Ambos os livros tornaram-se clássicos no campo da etnografia chinesa, graças à análise de como as mudanças históricas mundiais, como a revolução comunista, afectaram a vida rural quotidiana.
Ao contrário de outros ocidentais, os bandidos escolheram viver no campus, ao lado de seus alunos e colegas docentes. Eles usavam roupas simples de aniagem, como seus vizinhos. Ninguém chamava a Sra. Crook de “professora”; ela sempre foi “Camarada Isabel”.
A sua fé permaneceu inabalável mesmo depois de David ter sido acusado de espionagem e preso entre 1967 e 1973, no auge da Revolução Cultural. A Sra. Crook insistiu que ele era inocente, mas o tiro saiu pela culatra e ela foi mantida em prisão domiciliar por vários anos.
Os dois foram libertados em 1973 e reabilitados pelo primeiro-ministro Zhou Enlai. Mais tarde, disseram que perdoavam o governo chinês pelos seus excessos.
O livro mais recente da Sra. Crook, e seu mais significativo, publicado em 2013, é “A situação da prosperidade: Identidade, Reforma e Resistência na China Rural em Tempo de Guerra (1940-1941)”, que se baseia em suas notas de campo pré-guerra e foi escrito com Christina Gilmartin e Yu Xiji.
Uma das suas editoras, Gail Hershatter, professora de história na Universidade da Califórnia-Santa Cruz, disse que o livro oferece uma visão única de uma sociedade rural que mesmo na China, com a sua rápida urbanização, parece para muitos um país estrangeiro.
“Ela manteve um interesse vitalício no que estava acontecendo fora das grandes cidades, além da visão dos historiadores e das pessoas que mantêm registros escritos”, disse Hershatter em entrevista por telefone. “Ela tinha um bom instinto para o que é interessante, e o que realmente vale a pena anotar na vida cotidiana.”
Isabel Joy Brown nasceu em 15 de dezembro de 1915, em Chengdu, capital de Sichuan. Os pais dela, Homer e Muriel (Hóquei) Browneram missionários metodistas do Canadá que trabalhavam nas escolas e universidades do país.
Ela se formou em antropologia pela Universidade de Toronto em 1939. Enquanto vivia na Grã-Bretanha durante a guerra, ela fez doutorado no mesmo assunto na London School of Economics, mas não o concluiu.
Além de seu filho Carl, ela deixa outros dois filhos, Michael e Paul; sua irmã, Julia Baker; seis netos; e nove bisnetos. David Crook morreu em 2000 aos 90.

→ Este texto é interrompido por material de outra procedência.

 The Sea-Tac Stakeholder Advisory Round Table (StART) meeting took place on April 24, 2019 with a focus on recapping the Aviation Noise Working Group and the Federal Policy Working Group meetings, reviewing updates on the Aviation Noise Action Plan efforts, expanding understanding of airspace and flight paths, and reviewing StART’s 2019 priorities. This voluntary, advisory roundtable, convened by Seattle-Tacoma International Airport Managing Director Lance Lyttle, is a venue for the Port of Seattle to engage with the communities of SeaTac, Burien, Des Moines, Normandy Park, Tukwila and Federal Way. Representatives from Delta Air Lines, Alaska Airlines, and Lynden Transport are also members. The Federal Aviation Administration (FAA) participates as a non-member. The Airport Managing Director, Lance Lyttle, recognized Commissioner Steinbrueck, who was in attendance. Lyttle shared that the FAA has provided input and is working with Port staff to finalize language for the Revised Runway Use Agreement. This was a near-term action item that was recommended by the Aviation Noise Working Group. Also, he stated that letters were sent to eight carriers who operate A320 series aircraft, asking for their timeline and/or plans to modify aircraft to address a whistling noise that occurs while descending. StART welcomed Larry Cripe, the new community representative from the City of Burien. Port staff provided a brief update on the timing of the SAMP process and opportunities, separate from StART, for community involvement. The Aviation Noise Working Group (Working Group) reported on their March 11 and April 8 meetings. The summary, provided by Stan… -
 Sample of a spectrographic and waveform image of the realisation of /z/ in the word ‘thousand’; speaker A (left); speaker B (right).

Embora a Sra. Crook permanecesse comprometida com a visão da Revolução Chinesa, ela não hesitou em criticar o governo, especialmente depois de se aposentar do ensino em 1981.
Ela e o marido ficaram fascinados com os protestos em torno da Praça Tiananmen em 1989 e horrorizados com a repressão subsequente do governo, matando centenas, senão milhares, de pessoas.
Mas as suas críticas ocasionais não impediram o governo chinês e o povo chinês de lhe concederem elogios. Em 2019, o presidente Xi Jinping concedeu-lhe a Medalha da Amizade da China, a maior honraria do país disponível para um estrangeiro.